Bonfire-adjacent: Aubrey/Lou
Aubrey had shown his face late to the bonfire, everything that went against the discipline he’d been so reluctant to learn in the army — but chalk all that, the careless sauntering in and sizing up, to a holdover from the times and places where arriving at a party before midnight was horrendously gauche. Vegas, where time stood still. Where Aubrey was a rich kid with a big dick and a bad reputation. Manhattan, Montreal, Toronto. Cities wholly unlike the Capital, where 2AM last call reigned a pathetic supreme. Aubrey had parked his Range Rover on the outskirts of the property and sat there with the windows rolled down for the better part of ten minutes. He listened to the squeals and the laughter trickling on cool, lake-thick air and tried to reconcile both his own self and the wolf with a place where people stumbled over one another and the stench of untreated logs burned the inside of his nose something acrid and lingering.
The glorified Muskoka chairs strewn about the fire’s wreath were, in clear summation, not meant for a frame that topped out over 6’2” and certainly not that of a wolf who found no ease or comfort in reclining. The wolf had snarled soundlessly in Aubrey’s head when he considered sitting in one of the chairs with his back to the trees. The bonfire’s attendees weren’t predators, but that didn’t mean he was going to be stupid, did it?
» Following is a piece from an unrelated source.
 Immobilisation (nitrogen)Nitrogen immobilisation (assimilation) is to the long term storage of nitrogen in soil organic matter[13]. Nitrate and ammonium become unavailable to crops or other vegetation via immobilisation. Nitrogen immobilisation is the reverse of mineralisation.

Aubrey imagined flicking the tip of one middle finger against the pad of his thumb and the edge of the wolf’s ear, discrepant as the idea was when the wolf held reign in his head and shared his organs. The wolf bared his teeth and paced. The wolf’s hackles hoisted in a spiked layer of fur that was not betrayed to the outside world, because outwardly Aubrey was all man. But he heard the heavy footfalls of padding feet in the back of his head and he tasted an iron weight on the thick flesh of his tongue.
Aubrey the man was wearing impeccable shades of grey and cream, with a watch that cost more than some houses in the Neighbourhood. He might have blended into the darkness of nighttime and smoke as he stood by the fire and sipped at a Solo cup that was full of something stronger than beer, were it not for his height and the presence of the wolf. Might have, but did not. Didn't care. Didn't want.